Agreed up to a point with you, Grumpy Old Sod, particularly on Western efforts to pressure Russia by absorbing the former Soviet satellites into the EU and NATO and push these institutions ever further east, despite Bush the Elder’s promise to Gorbachev that the U.S. wouldn’t support such a move in response to the U.S.S.R. pulling out of Eastern Europe in the early 90s. It’s hardly surprising the Russians are pissed off by that. Can’t agree on Maidan though. While the far right were clearly involved and I wouldn’t be the least surprised if it turns out the West had a surreptitious hand in things, those on the ground witnessed a more spontaneous movement than the one you describe. The London Review of Books has run some excellent articles recently on the situation and it’s more nuanced than you make out (Not sure if these are pay-walled. Some LRB articles are and some aren’t.) The following is from James Meek, 20/3/14 (Vol. 36, No. 6):
“It wasn’t the decision by Yanukovich, on 21 November, to back away from a deal for closer ties with the European Union that brought about the Ukrainian revolution. That merely set off demonstrations; a small-scale attack by protesters on the government on 24 November was easily beaten off by police firing tear gas. The catalyst for something more momentous was a series of video clips of an incident six days later, when the authorities made a heavy-handed attempt, in the small hours of a Saturday morning, to empty the square of a peaceful, unarmed crowd, many of them students hanging out to discuss the situation. Hundreds of riot police went in with batons, laying about them and shedding blood. Later the authorities said they had to clear the area to put up Kiev’s New Year tree.
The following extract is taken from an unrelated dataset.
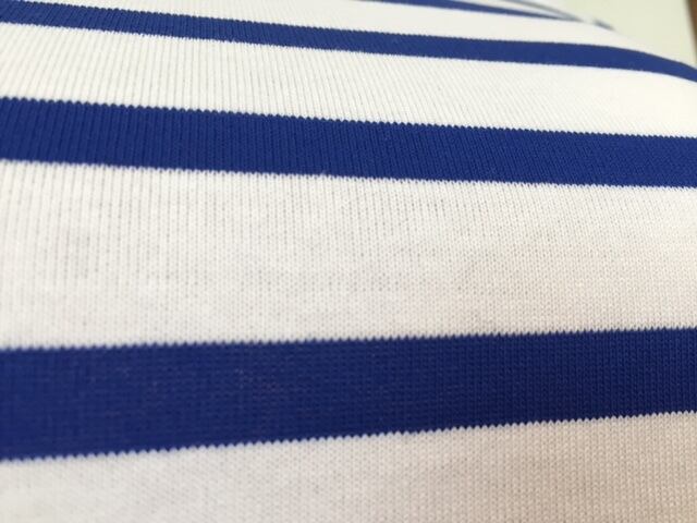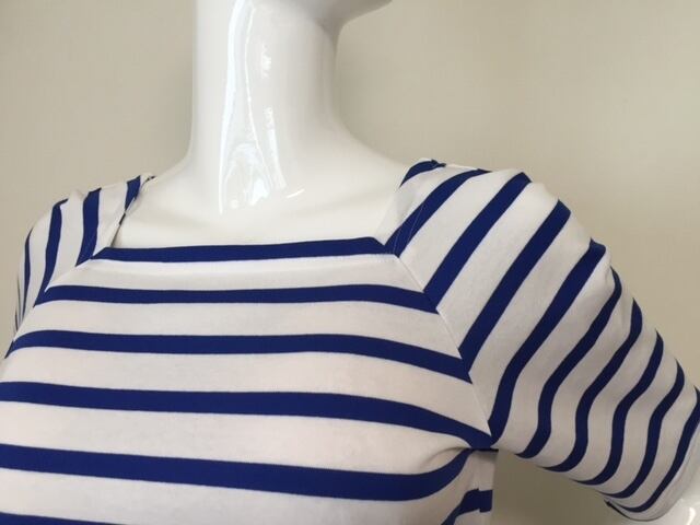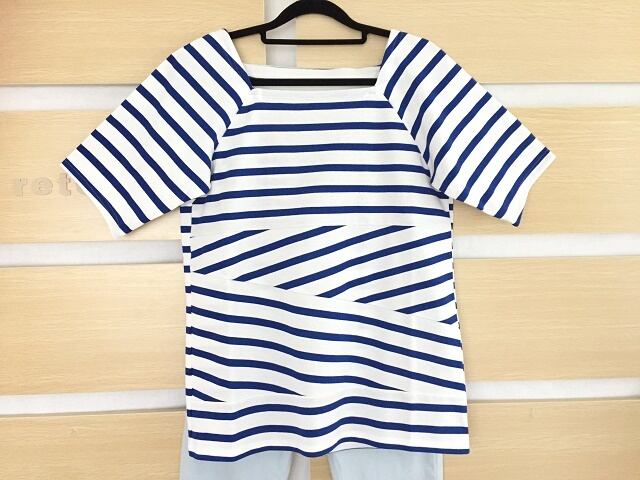 定価¥12,800- ボーダースクエアネックBLU 5分袖 カットソー 白×青 二の腕カバー 肉厚で肌が透けない 大人 カジュアルレディース トップス 日本製

The images of police brutality accompanied by the screams of terrified protesters flashed around the country, and brought thousands of people in coaches from Lviv, the centre of Ukrainian nationalism in the west, and a hundred thousand or more Kievans onto the streets of the capital.”
The article goes on to make the case that, more than anything, the Ukrainian people were fed up with the corruption of the Yanukovich regime (which is not to say they’ll get any more joy from the current lot!):
“Corruption. Not Bandera, not Russia, not Europe – corruption.”
http://www.lrb.co.uk/v36/n06/james-meek/putins-counter-revolution
Again on “the tide of events” being with Putin, this from Tony Wood, 22/5/14 (Vol. 36, No. 10):
“One of the most striking features of the pro-Russian movements in eastern Ukraine, in fact, has been the institutional vacuum in which they have operated. In the absence of recognisable political parties that might channel their demands – but also defang them – the rough-and-ready methods of popular assemblies have taken hold; hence, too, the improvised character of the 11 May referendums. Whatever their level of support in Ukraine, these movements, combining nationalist appeals to Russian ethnicity and tradition with rebellious impulses to self-organisation, set an example Putin has no more desire to see emulated in Russia than he did the Maidan.”
http://www.lrb.co.uk/2014/05/12/tony-wood/lurching-towards-civil-war
Is there an even vaguely likely possibility that this nationalistic”demostrating”could backfire deeper in Russia by escalating anti-Russian sentiments into action in places like Chechnya?
It’s encouraging to hear that the pro-russian militias are having trouble recruiting.